Thirty-two items from a medical specialty examination were administered in a 5-option format to 719 examinees and in a 4-option format to 726 examinees. Options were eliminated based on review by content experts using item difficulty and discrimination indices. The average difficulty of the items in the 5-option format was 0.62, and the average discrimination was 0.38. In the 4-option format, the means were 0.71 and 0.43, respectively.
In the 4-option format, 9 of the 32 items were significantly easier and 2 were more difficult. With regard to discrimination, nine were more discriminating and three were less discriminating than in the 5-option format. Factor analyses demonstrated that in both formats, the items loaded on a single primary factor.
The authors conclude that there may be advantages to deleting nonfunctioning options from multiple-choice items, including increased discrimination, increased reliability, and decreased test-taking time, because of fewer options to read. This approach would allow for the administration of more items in the same time frame, which could improve test validity.
Jansen JJM, Grol RPTM, Crebolder HFJM, et al: Failure of feedback to enhance self-assessment skills of general practitioners. Teaching and Learning in Medicine 1998; 10:145—151
Jansen and colleagues designed a 3-hour continuing medical education course to increase knowledge of and proficiency in performing four technical clinical skills: injection technique of the shoulder, ophthalmoscopic control in diabetes, Pap smear, and laboratory examination of fluor vaginalis. Sixty subjects were randomly assigned to two groups. Group A took the course 3 months after enrollment, and Group B took it 6 months after enrollment.
At enrollment, both groups completed a 60-item multiple-choice test to measure knowledge and a 22-item self-assessment questionnaire. These instruments were also completed at 3 and at 6 months after enrollment.
Group A also took a skills examination after the course and at 6 months. Group B only took it after their course (at 6 months). All participants received personal feedback on their test scores and detailed written information about each procedure. At enrollment, there were no significant differences between the knowledge scores of the two groups and no differences on their self-assessments. At 3 months, Group A (which had had the course) scored significantly better on the multiple-choice test, and their self-assessment ratings were also significantly higher. At 6 months (both groups had completed the course), there were no significant differences on any of the three measures.
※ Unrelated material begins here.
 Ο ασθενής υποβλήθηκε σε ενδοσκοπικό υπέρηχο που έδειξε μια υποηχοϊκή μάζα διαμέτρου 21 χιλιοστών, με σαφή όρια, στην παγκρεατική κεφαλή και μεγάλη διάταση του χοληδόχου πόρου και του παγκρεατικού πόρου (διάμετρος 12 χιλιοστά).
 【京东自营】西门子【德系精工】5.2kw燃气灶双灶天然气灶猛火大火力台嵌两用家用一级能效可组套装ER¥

At enrollment, the correlation between knowledge scores and self-assessment scores was 0.19, and it was 0.46 (P<0.001) at 3 months and 0.21 at 6 months. The correlation between technical skills and self-assessment for Group A was 0.06 at 3 months and 0.46 (P<0.001) at 6 months for both groups.
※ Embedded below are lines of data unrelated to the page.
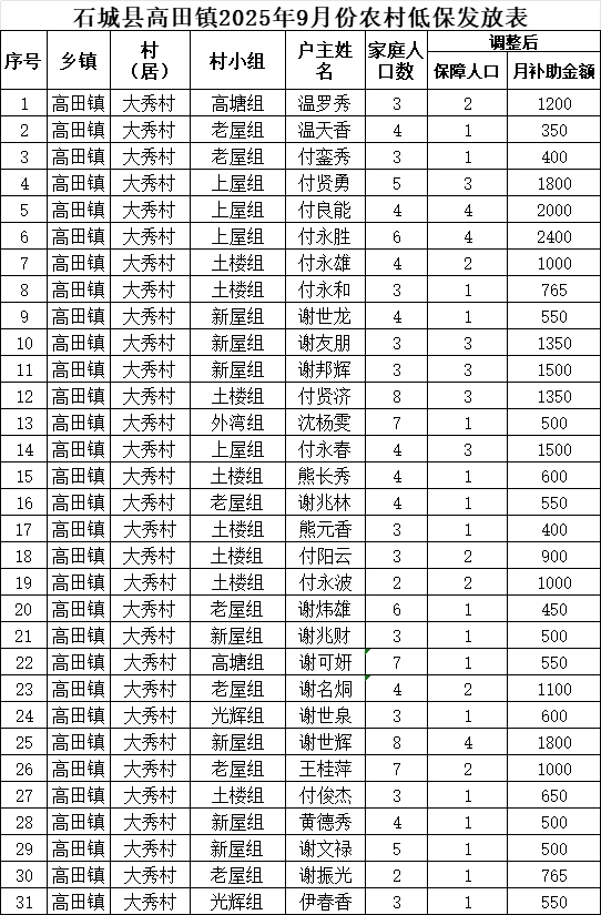 【最低生活保障】石城縣高田鎮(zhèn)大秀村2025年9月份農(nóng)村低保發(fā)放公示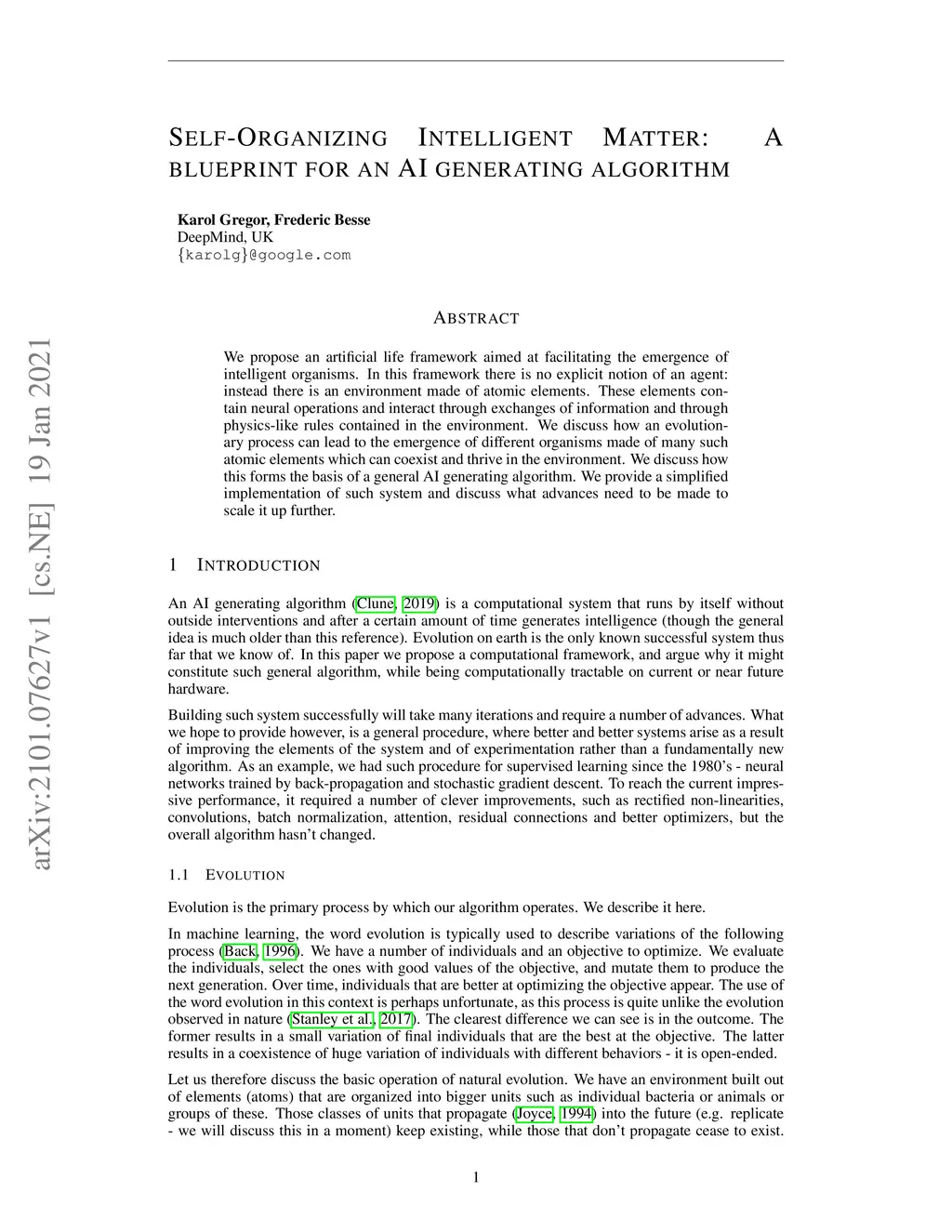 Self-Organizing Intelligent Matter: A blueprint for an AI generating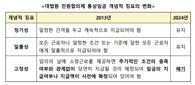 2. 고정성을 제외하고 통상임금의 개념과 판단 기준을 새롭게 정립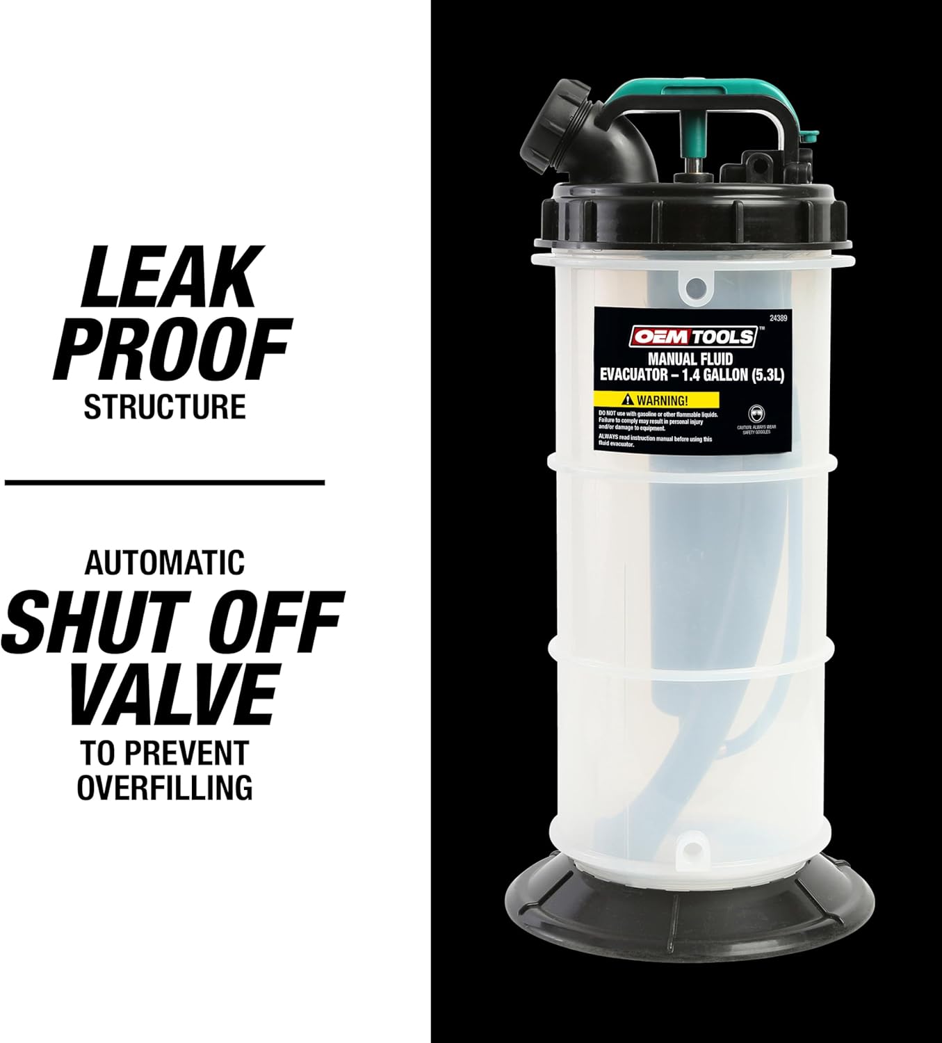 OEMTOOLS 24389 Manual Fluid Extractor Pump, 1.4 Gallon (5.3L) Oil Extractor Pump Capacity, Use for Oil, Coolant, and Transmission Fluid, 2 Dipstick Adapters, 5ft Hose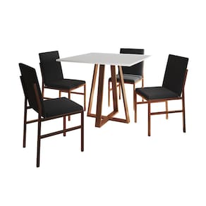 Conjunto de Jantar Mesa Mônaco 90cm Tampo Branco com 4 Cadeiras Pretas Base Cobre - Preto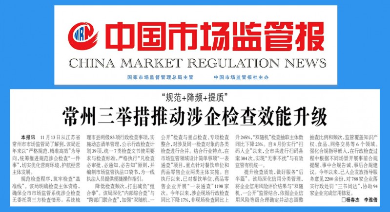 11月14日,《中国市场监管报》以《“规范+降频+提质” 常州三举措推动涉企检查效能升级》为题,报道常州市市场监管局统筹推进规范涉企检查“一件事”相关情况。

The authors conclude that self-assessment was a poor indicator of competence and that receiving extensive individualized feedback did not improve the situation. The researchers argue that self-assessment is more closely related to generalized self-attribution than to external feedback and suggest that "self-assessment scores on their own are an invalid source of information concerning competence of practicing physicians."